§ **Your assignment**: No pictures go in the copy. Restate, word for word, each line from the one containing "Madonna and Child" through the last line below.

§ **Collected data**:
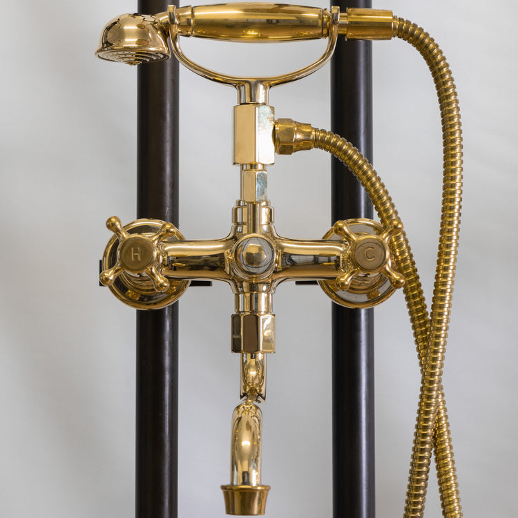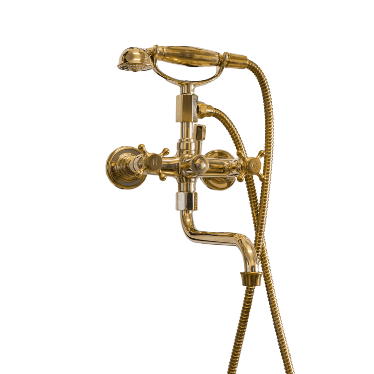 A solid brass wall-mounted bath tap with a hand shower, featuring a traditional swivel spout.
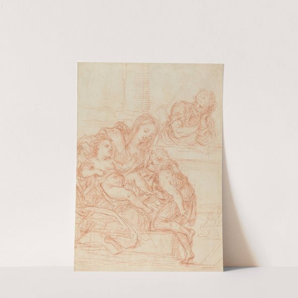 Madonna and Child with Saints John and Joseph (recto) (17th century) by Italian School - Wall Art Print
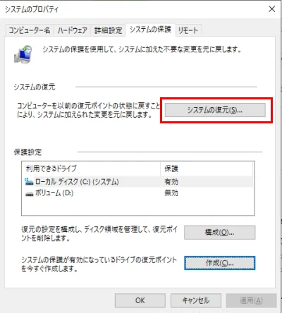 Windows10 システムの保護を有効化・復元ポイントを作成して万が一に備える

§ **Result of the task**:
 Madonna and Child with Saints John and Joseph (recto) (17th century) by Italian School - Wall Art Print
 Windows10 システムの保護を有効化・復元ポイントを作成して万が一に備える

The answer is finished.